SOURCE INFORMATION.
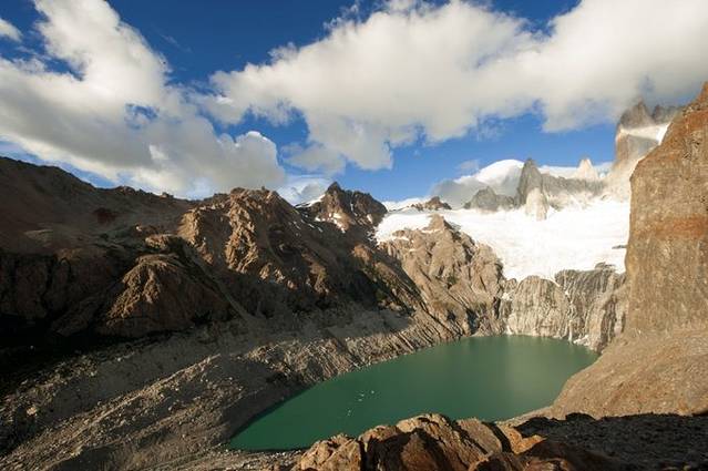 好不容爬到山顶,必须在这儿待够时间才行。山脚下这湖的名字叫laguna de las tres,此前有游记里写叫“小三湖”,确实这有3个湖。我先绕着湖向右走,从不同角度看Fitz Roy。之后走下去到湖边,尝了尝湖水,太清澈,有些甜味,特别纯净,真是这辈子到现在喝过最好喝的水!依云靠边站吧!
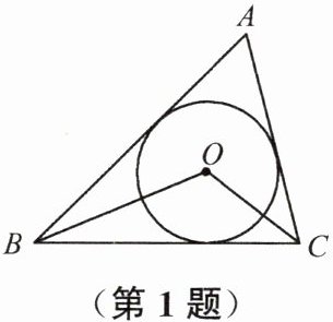 1. 如图,$\odot O$ 是$\triangle ABC$ 的内切圆,若$\angle A = 60^{\circ}$,则$\angle BOC$ 的度数为
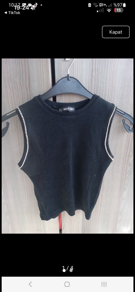 Kısa boy, siyah kolsuz ve yuvarlak yaka, yumuşak sentetik triko kumaştan yapılmış, günlük rahat sokak stili için uygun dar kesim bir kadın atlet. Marka temsili
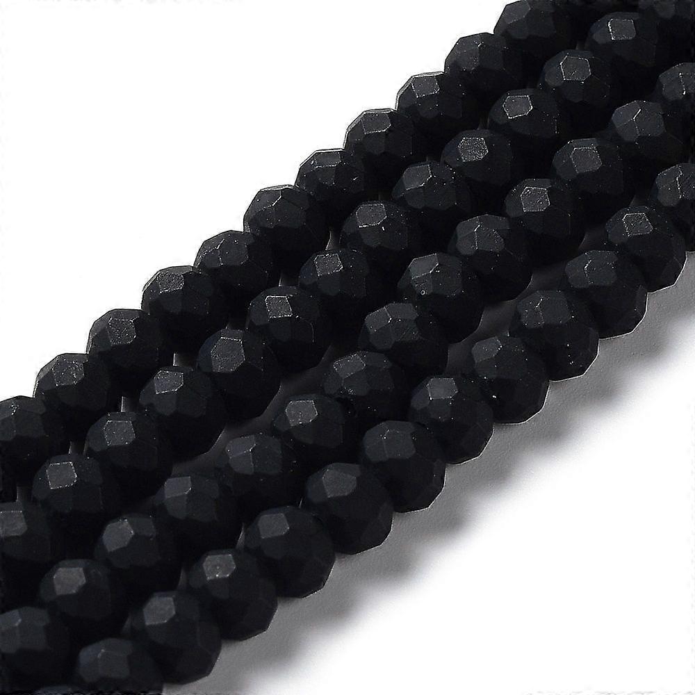 Glass Beads Strands Faceted Frosted Rondelle Black 3.5~3.8mm Hole: 1mm 105~110pcs/strand 29~31cm
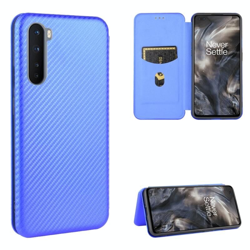 Για OnePlus Nord Carbon Fiber υφή οριζόντια Flip TPU + PC + PU δέρμα υπόθεση με υποδοχή κάρτας (μπλε)
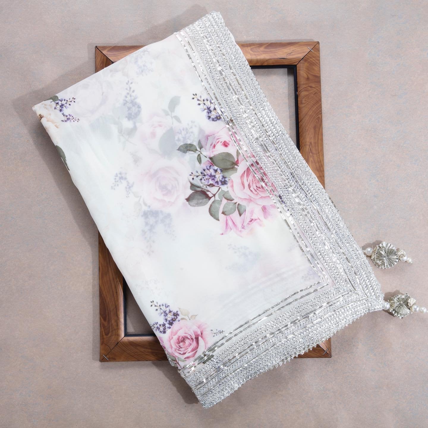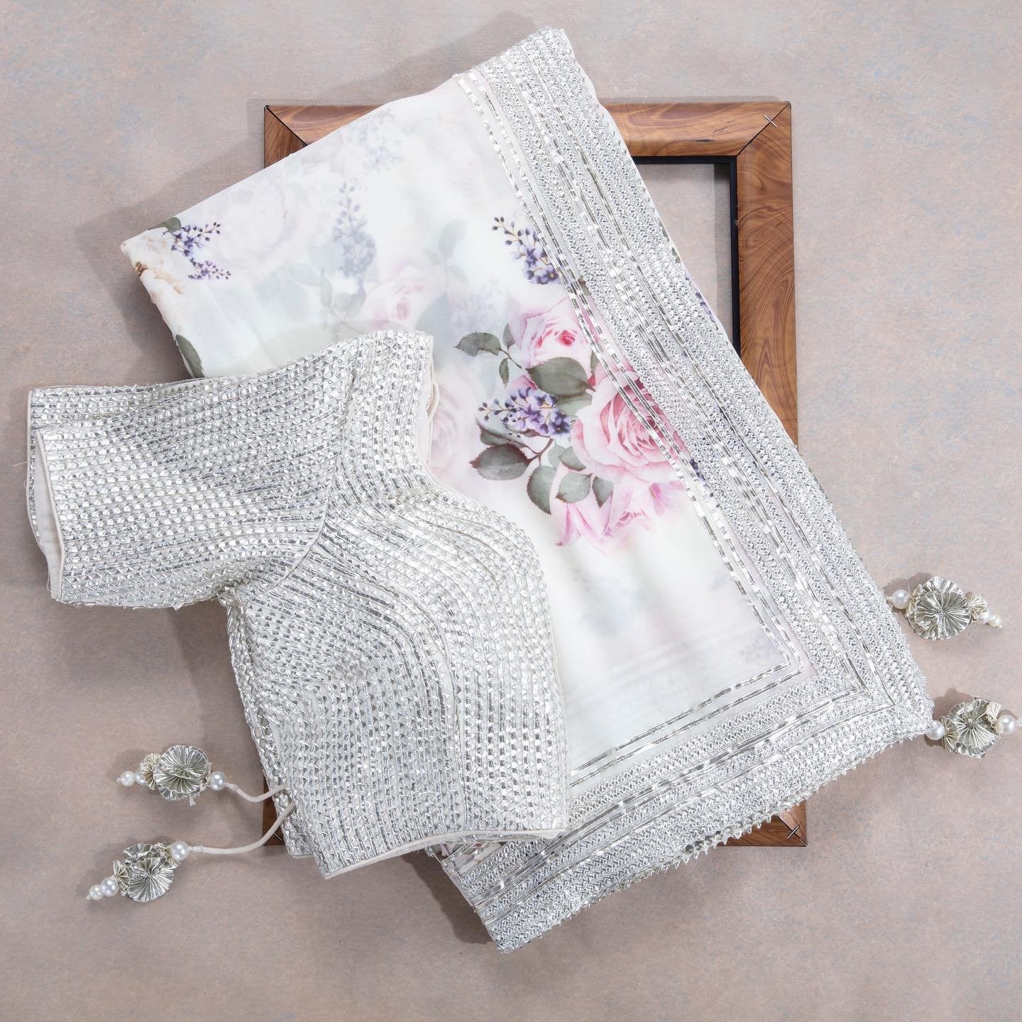 Composition: Sari and blouse length- 6.5 metres. Includes coordinated unstitched blouse piece
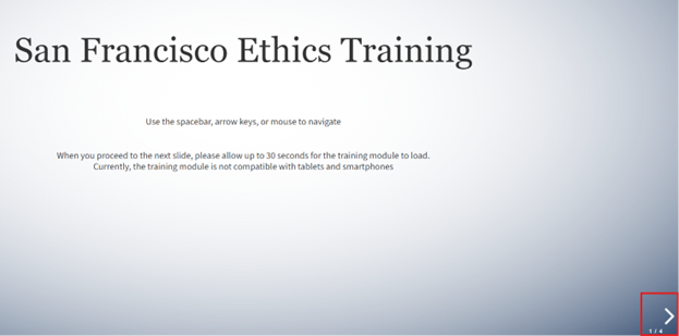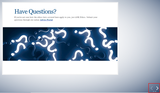 Upon completion of the Annual Ethics Training module, click the Right Arrow Key in the bottom right corner of the page to continue.
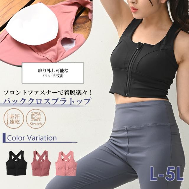 大きいサイズ レディース ブラトップ バッククロス フロントファスナー タンクトップ型 トップス スポーツウェア L/LL/3L/4L/5L ゆったりサイズ ぽっちゃり女子 プラスサイズ メール便送料無料
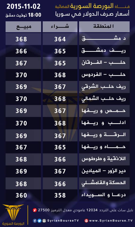 وفيما يلي قائمة بأسعار الدولار في مختلف المحافظات السورية، حسب "قناة البورصة السورية الفضائية":
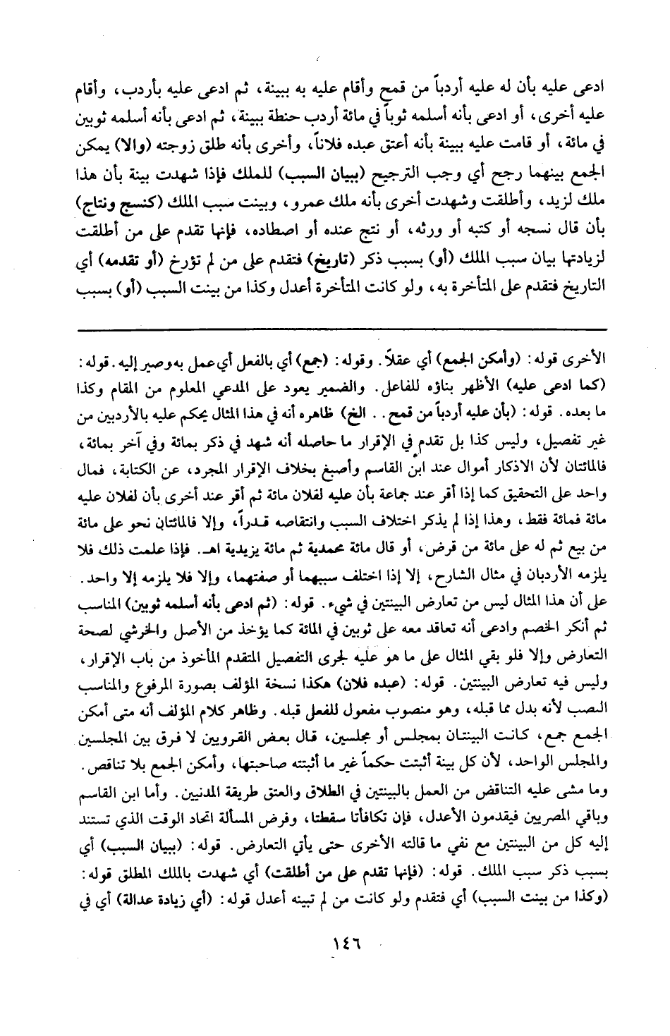 الأخرى . قوله : 16 ( و أمكن الجمع ) : أي عقلاً . ) ) 16 ( 16 ( وقوله : 16 ( جمع ) : أي بالفعل أي عمل به و صير إليه . قوله : 16 ( كما لو ادّعى عليه ) : الأظهر بناؤه للفاعل و الضمير يعود على المدعى المعلوم من المقام و كذا ما بعده . . قوله : 16 ( بأن له عليه إردباً من قمح ) الخ : ظاهره أنه في المثال يحكم عليه بالإردبين من غير تفصيل ، و ليس كذلك بل تقدم في الإقرار ما حاصله أنه إذا شهد في ذكر بمائة و في اخر بمائة فالمائتان لأن الأذكار أموال عند ابن القاسم و أصبغ . بخلاف الإقرار المجرد عن الكتابة فمال واحد على التحقيق . كما إذا أقر عند جماعة بأن عليه لفلان مائة ، ثم أقر عند أخرى بأن لفلان عليه مائة فمائة فقط و هذا إذا لم يذكر اختلاف السبب و اتفقا صفة و قدراً و إلا فالمائتان نحو له على مائة من بيع ثم له عليّ مائة من قرض أو قال مائة محمدية ، ثم يزيدية ( ا هـ ) فإذا علمت ذلك فلا يلزمه الإردبان في مثال الشارح إلا إذا اختلف سببهما أو صفتهما و إلا فلا يلزمه إلا واحد على أن هذا المثال ليس من تعارض البينتين في شيء . قوله : 16 ( ثم ادّعى بأنه أسلمه ثوبين ) : المناسب ثم أنكر الخصم و ادّعى أنه تعاقد معه على ثوبين في المائة كما يؤخذ من الأصل و الخرشي لصحة التعارض ، و إلا فلو بقي المثال على ما هو عليه لجرى على التفصيل المتقدم المأخوذ من باب الإقرار و ليس فيه تعارض البينتين . قوله : 16 ( عبده فلان ) : هكذا نسخة المؤلف بصورة المرفوع و المناسب النصب ؛ لأنه بدل مما قبله و هو منصوب مفعول للفعل قبله ، و ظاهر كلام المؤلف أنه متى أمكن الجمع جمع كانت البينتان بمجلس أو مجلسين قال بعض القرويين : لا فرق بين المجلسين و المجلس الواحد لأن كل بينة أثبتت حكماً غير ماأثبته صاحبتها و أمكن الجمع بلا تناقض ، و ما مشى عليه الشارح من العمل بالبينتين في الطلاق و العتق طريقة المدنيين . و أما ابن القاسم و باقي المصريين فيقدمون الأعدل ، فإن تكافأتا سقطتا ، و فرض المسألة اتحاد الوقت الذي تستند إليه كل من البينتين مع نفى ما قالته الأخرى حتى يأنى التعارض . قوله : 16 ( ببيان السبب ) : أي بسبب ذكر سبب الملك . قوله : 16 ( فإنها تقدم على من أطلقت ) : أي شهدت بالملك المطلق . قوله : 16 ( و كذا من بينت السبب ) : ) ) 16 ( 16 ( أي فتقدم و لو كانت من لم تبينه أعدل . قوله : 16 ( أي زيادة عدالة ) : أي في
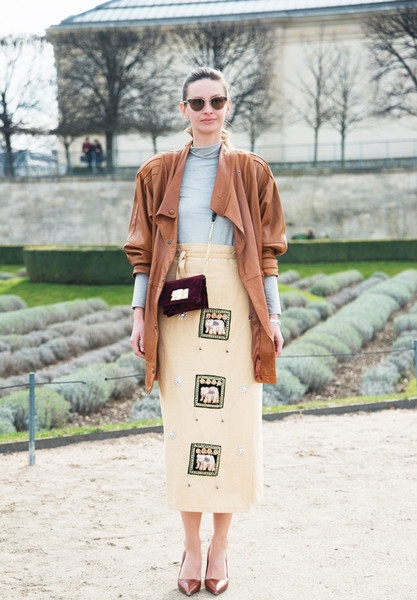 褶皱的外套卷起袖口使内搭看起来更纤细,加上高腰设计的裙子使整个人看起来更高。
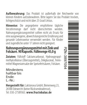 Zutaten: Füllstoff Calciumcarbonat, Zinkglukonat, Hydroxypropylmethylcellulose, Trennmittel Magnesiumsalze der Speisefettsäuren, Folsäure
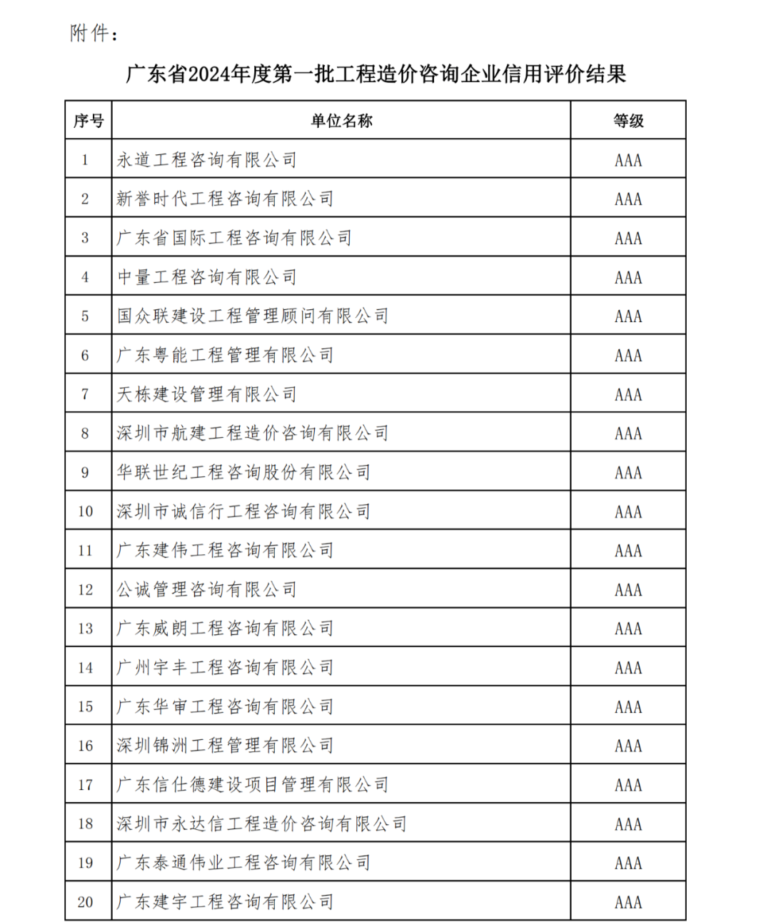 關(guān)于公布廣東省2024年度第一批工程造價(jià)咨詢企業(yè)信用評價(jià)結(jié)果的通知
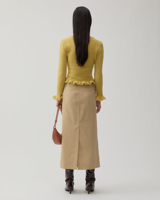 The Savie Cardigan in Alpaca Blend Yellow features pearlescent buttons down the front and delicate ruffle details at the waist and cuffs, creating a modern feminine silhouette. Crafted from ultra-soft responsibly sourced alpaca wool, it pairs elegantly with skirts or high-waisted denim, thanks to its very fitted style.
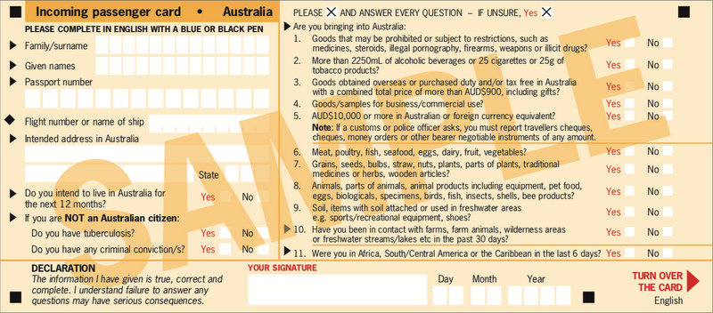 并在入境时,向澳大利亚海关Australian Customs官员出示护照和填好的入境旅客登记卡

WHAT TO WORK ON. Set out exactly, and only, the lines between the first line of the listing and the line containing "وفيما يلي قائمة", counting both, while leaving every picture out.

RESPONSE TO THIS TASK.
 好不容爬到山顶,必须在这儿待够时间才行。山脚下这湖的名字叫laguna de las tres,此前有游记里写叫“小三湖”,确实这有3个湖。我先绕着湖向右走,从不同角度看Fitz Roy。之后走下去到湖边,尝了尝湖水,太清澈,有些甜味,特别纯净,真是这辈子到现在喝过最好喝的水!依云靠边站吧!
 1. 如图,$\odot O$ 是$\triangle ABC$ 的内切圆,若$\angle A = 60^{\circ}$,则$\angle BOC$ 的度数为
 Kısa boy, siyah kolsuz ve yuvarlak yaka, yumuşak sentetik triko kumaştan yapılmış, günlük rahat sokak stili için uygun dar kesim bir kadın atlet. Marka temsili
 Glass Beads Strands Faceted Frosted Rondelle Black 3.5~3.8mm Hole: 1mm 105~110pcs/strand 29~31cm
 Για OnePlus Nord Carbon Fiber υφή οριζόντια Flip TPU + PC + PU δέρμα υπόθεση με υποδοχή κάρτας (μπλε)
 Composition: Sari and blouse length- 6.5 metres. Includes coordinated unstitched blouse piece
 Upon completion of the Annual Ethics Training module, click the Right Arrow Key in the bottom right corner of the page to continue.
 大きいサイズ レディース ブラトップ バッククロス フロントファスナー タンクトップ型 トップス スポーツウェア L/LL/3L/4L/5L ゆったりサイズ ぽっちゃり女子 プラスサイズ メール便送料無料
 وفيما يلي قائمة بأسعار الدولار في مختلف المحافظات السورية، حسب "قناة البورصة السورية الفضائية":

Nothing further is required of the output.